Data for review:

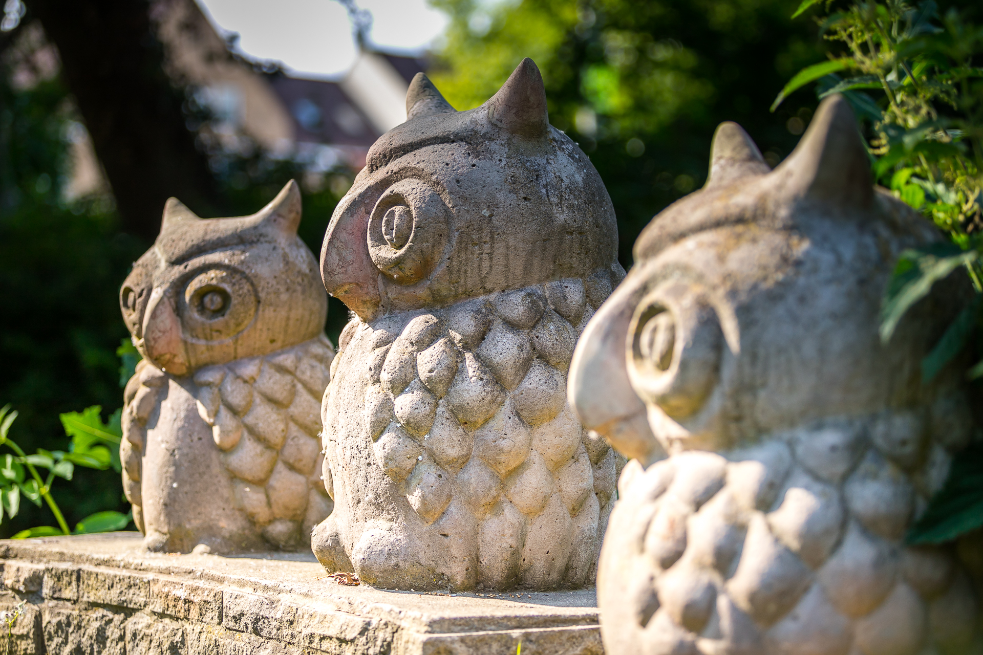 Die Sonne scheint und der Sommer zeigt sich von seiner besten Seite. Mein Weg führt mich nach knapp 10 Minuten in den Liebesgrund, wo ich von drei kleinen Eulen aus Stein begrüßt werde. Hier kann man wirklich Lieblingsgrün erleben. Weg von der lauten Kardinal-Bertram-Straße beginnt ein Tauchgang ins Grüne und nach ein paar Metern übertönt das Rauschen der Bäume schon die Geräusche der Straße. Die Bäume erstrahlen in satten Grün. Hier und da unterhalten sich die Leute oder gönnen sich eine kurze Pause vom Laufen und dem Alltag. Warum der Liebesgrund auch „Hoher Wall“ genannt wird, ist unschwer zu erkennen: links und rechts vom Weg reicht der Wall weit nach oben und ich fühle mich, als würde ich durch ein tiefes Tal laufen. Die großen Bäume schließen sich teilweise über dem Weg wie ein Bogen.
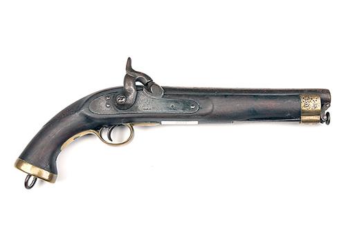 A .650 PERCUSSION SERVICE PISTOL, MODEL EAST INDIA CO. LANCER'S PATTERN, no visible serial number, circa 1860, with iron 9in. barrel, borderline engraved lock with the rampant lion trademark, walnut full-stock with heavy brass furniture, captive iron ramrod, finish worn
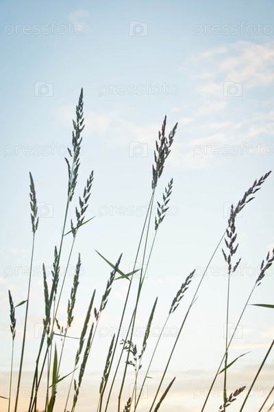 Травы на фоне неба с белыми облаками
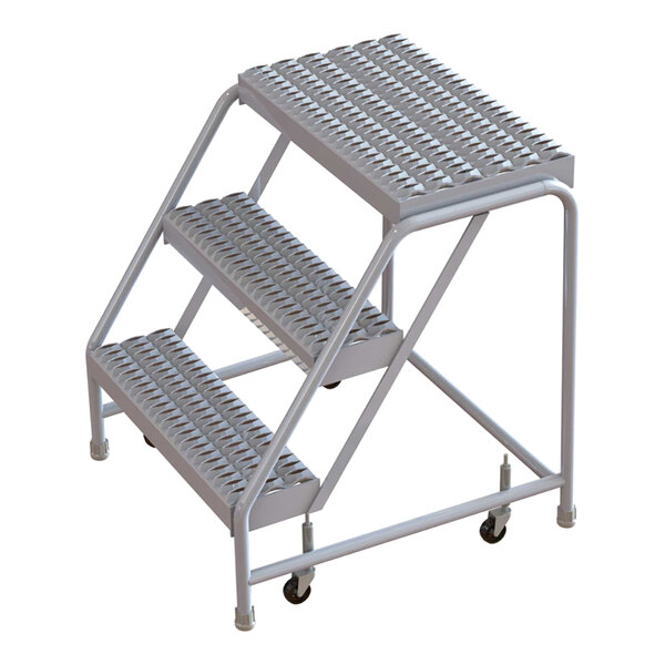 Tri-Arc 3-Step Aluminum Mobile Step Stool with Serrated Tread, 16" Wide Steps, and 14" Deep Top Step WLAR003165 - 350 lb. Capacity
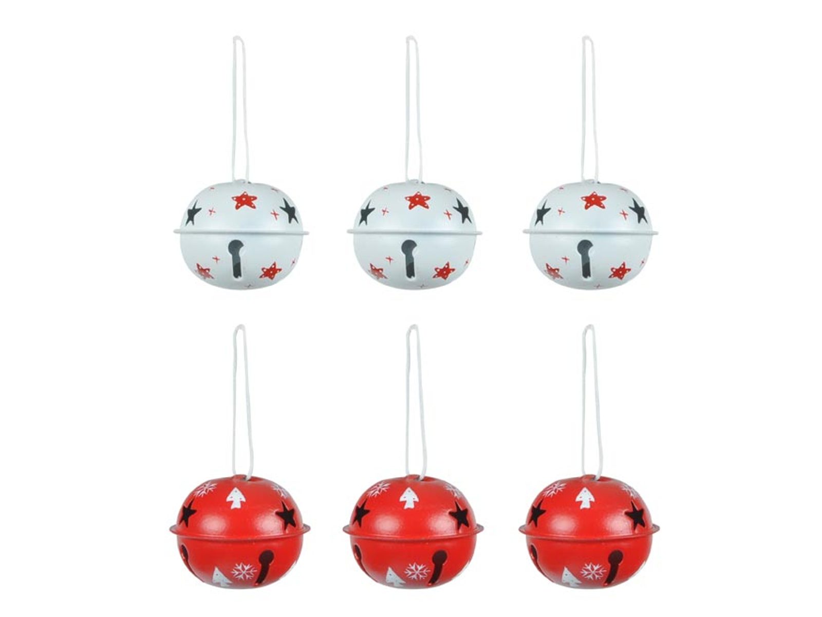Rolničky kovové červeno-bílé Tyto rolničky jsou ideální pro výzdobu vánočního stromečku, věnce nebo dveří. Hodí se tedy jak do interiéru tak i do exteriéru. Jsou odolné, praktické a vytvářejí veselý tón na vánoce. Balení obsahuje: 3 ks bílých rolniček a 3 ks červených rolniček. Průměr: 5cm
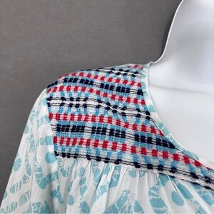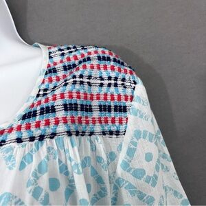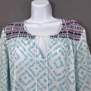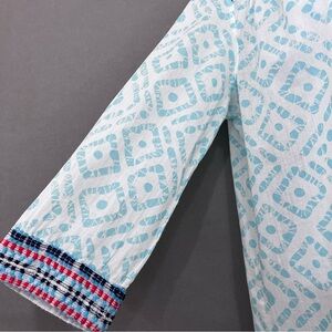 J. McLaughlin Blue Print Embroidered Tie Neck Tunic Top
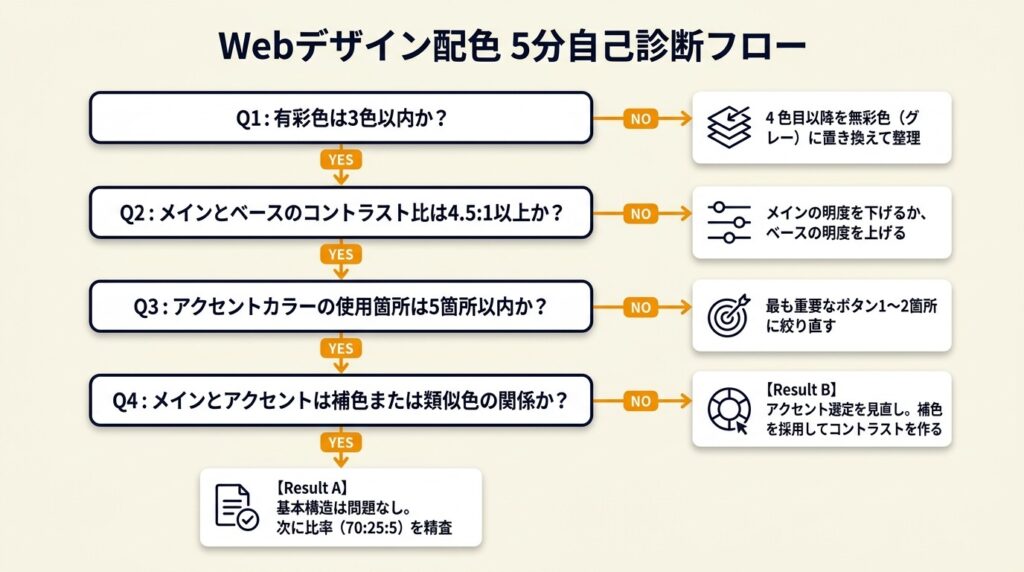 Q2: メインカラーはベースカラーに対して十分なコントラストがありますか?コントラスト比4.5:1以上の場合はQ3へ進んでください。不足している場合は、メインカラーの明度を下げるか、ベースカラーの明度を上げることで改善できます。WebAIM Contrast Checkerに2色の16進数コードを入力すれば即時確認できます。

What the exercise asks:
The response must restate exactly the lines from the one containing "J. McLaughlin Blue" through the end of the records above and must leave out all pictures.

Answer below:
 J. McLaughlin Blue Print Embroidered Tie Neck Tunic Top
 Q2: メインカラーはベースカラーに対して十分なコントラストがありますか?コントラスト比4.5:1以上の場合はQ3へ進んでください。不足している場合は、メインカラーの明度を下げるか、ベースカラーの明度を上げることで改善できます。WebAIM Contrast Checkerに2色の16進数コードを入力すれば即時確認できます。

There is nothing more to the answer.